1. Find the first derivative of the function:
Given the function [tex]\(f(x) = x^3 - x^2 - 6x + 2\)[/tex], we need to find its first derivative [tex]\(f'(x)\)[/tex]. The first derivative is calculated as follows:
[tex]\[ f'(x) = \frac{d}{dx}(x^3 - x^2 - 6x + 2) = 3x^2 - 2x - 6 \][/tex]
2. Find the critical points:
Critical points occur where the first derivative [tex]\(f'(x)\)[/tex] is equal to zero:
[tex]\[ 3x^2 - 2x - 6 = 0 \][/tex]
Solving this quadratic equation gives the critical points:
[tex]\[ x = \frac{1}{3} - \frac{\sqrt{19}}{3}, \quad x = \frac{1}{3} + \frac{\sqrt{19}}{3} \][/tex]

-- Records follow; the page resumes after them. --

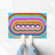 This doormat has a geometric design of concentric half-circles of several retro colours.
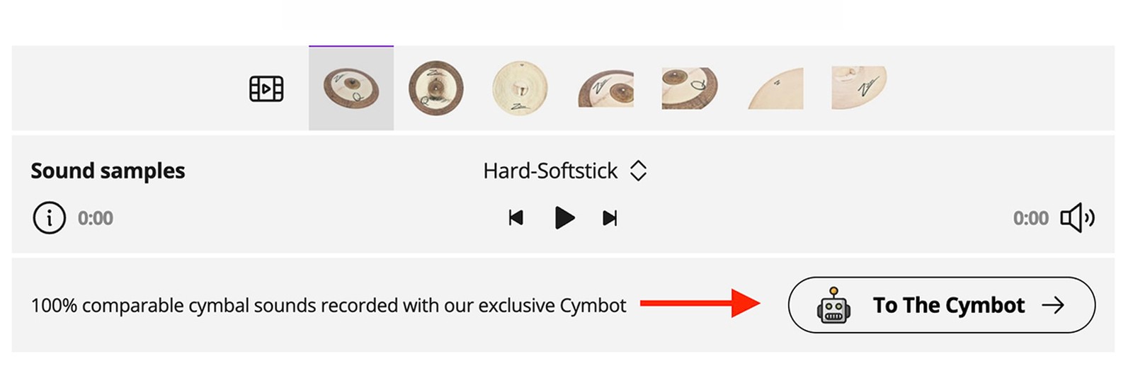 Vas sur la page produit de ta cymbale préférée et clique sur l'icône "Cymbot" en dessous des exemples sonores (voir les captures d'écran ci-dessous).
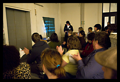 Audio Interplay was a project originated by Garrett Lee, a sophomore studying interdisciplinary sculpture and graphic design at MICA. The creation is a sound-activated LED tapestry. The tapestry reacts with sound and light depending on the users location within a space. The interactive nature of the tapestry incited a rousing round of applause once the audience realized that they could interact with the exhibit from where they stood.
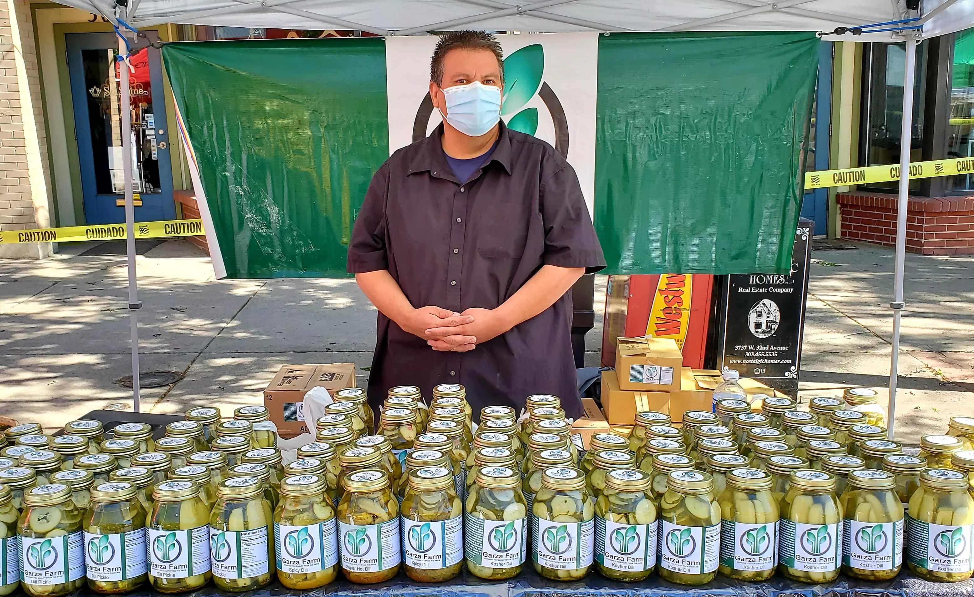Rick Garza sells his brother’s pickles at the Highland Farmers’ Market.
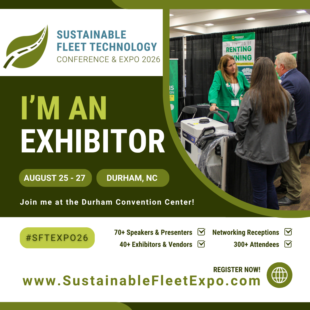 Visit our booth at the Sustainable Fleet Technology Conference & Expo, hosted by the @NC Clean Energy Technology Center! [Your organization] is excited to join the hub of companies providing products and services for fleet leaders seeking to grow sustainable fleet practices on August 25-27 in Durham, NC. Sign up to attend before July 10 to save $50 on your registration at www.sustainablefleetexpo.com #SFTexpo26
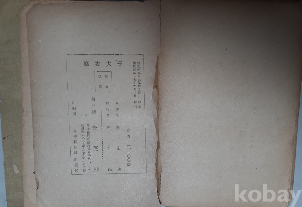 마의태자 상하 합본-이광수 저 1956년초간 광영사 발행
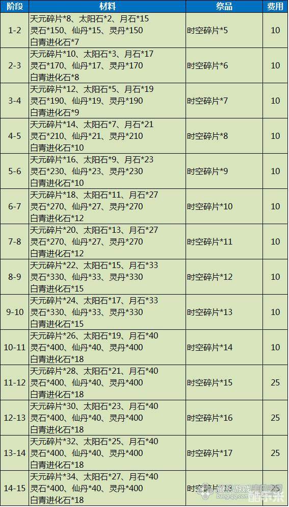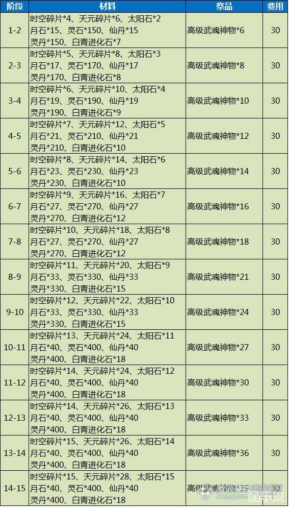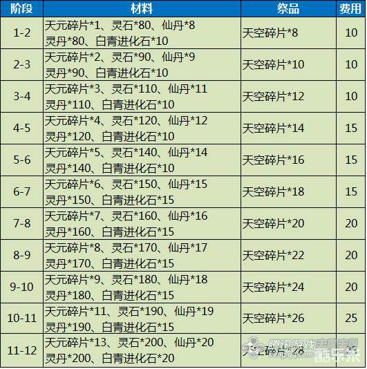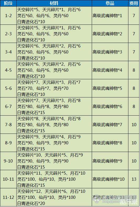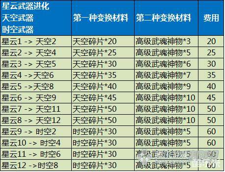剑灵时空/天空武器成长费用材料表
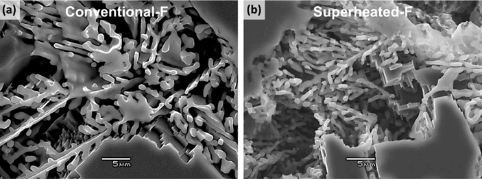 Superheated-F의 경우 Conventional-F 대비 공정 Si 크기가 더 미세한 것을 다시 한번 명확하게 확인할 수 있었다. 관찰된 공정
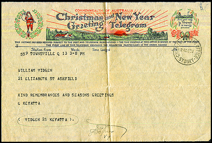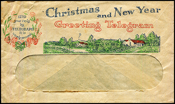 This envelope accompanied the above delivery form for 24 December 1931. Given its scarcity, it is assumed that the two items met at the Telegraph Office the day before Xmas 1931 :-). |
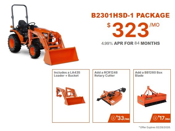 Monthly payment shown is based on no money down with 4.99% APR for 84 months. Insurance is included in the estimate; however, taxes and applicable fees are not included and may vary based on individual circumstances. Financing is subject to approved credit. Offer valid on in-stock units only. Promotion expires 2/28/2026, but is subject to change without notice. For complete details, visit your local dealer or KubotaUSA.
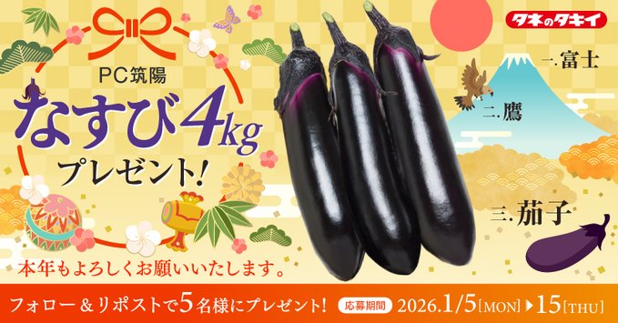 【X・Instagram懸賞】ナス『PC筑陽』4kgを5名様にプレゼント 2026.01.13タキイ種苗株式会社(タネのタキイ)‐プレゼントキャンペーン 賞品:ナス『PC筑陽』4kg(5名様) 締切:2026年1月15日(木)公式X(Twitter)アカウントをフォロー&キャンペーン対象ポストをリポストしてご応募ください。Instagramからも応募できます。※詳細はキャンペーンページにてご確認ください。応募はこちらから

3. Determine which critical points lie within the interval [tex]\([0, 3]\)[/tex]:
We need to check if the critical points lie within the given interval. Evaluating the critical points:
- [tex]\(\frac{1}{3} - \frac{\sqrt{19}}{3}\)[/tex] is less than 0 (so it is outside the interval).
- [tex]\(\frac{1}{3} + \frac{\sqrt{19}}{3}\)[/tex] is inside the interval [tex]\([0, 3]\)[/tex].
Therefore, the only critical point within the interval is:
[tex]\[ x = \frac{1}{3} + \frac{\sqrt{19}}{3} \][/tex]
4. Evaluate the function at the endpoints of the interval and at the critical points within the interval:
The endpoints of the interval are 0 and 3. We also have the critical point [tex]\(\frac{1}{3} + \frac{\sqrt{19}}{3}\)[/tex]. We evaluate [tex]\(f(x)\)[/tex] at these points:
- Evaluate at [tex]\(x = 0\)[/tex]:
[tex]\[ f(0) = (0)^3 - (0)^2 - 6(0) + 2 = 2 \][/tex]
- Evaluate at [tex]\(x = 3\)[/tex]:
[tex]\[ f(3) = (3)^3 - (3)^2 - 6(3) + 2 = 27 - 9 - 18 + 2 = 2 \][/tex]
- Evaluate at [tex]\(x = \frac{1}{3} + \frac{\sqrt{19}}{3}\)[/tex]:
[tex]\[ f\left(\frac{1}{3} + \frac{\sqrt{19}}{3}\right) \approx -6.20882073535354 \][/tex]
5. Summarize the results:
The first derivative is [tex]\(3x^2 - 2x - 6\)[/tex].
The critical points are [tex]\(\frac{1}{3} - \frac{\sqrt{19}}{3}\)[/tex] and [tex]\(\frac{1}{3} + \frac{\sqrt{19}}{3}\)[/tex], with the latter being within the given interval.
The points evaluated are [tex]\(\frac{1}{3} + \frac{\sqrt{19}}{3}\)[/tex], 0, and 3.
The corresponding function values are:
- At [tex]\(x = \frac{1}{3} + \frac{\sqrt{19}}{3}\)[/tex] the value is approximately [tex]\(-6.20882073535354\)[/tex].
- At [tex]\(x = 0\)[/tex] the value is [tex]\(2\)[/tex].
- At [tex]\(x = 3\)[/tex] the value is [tex]\(2\)[/tex].
By analyzing these values, you can determine the behavior of the function over the given interval.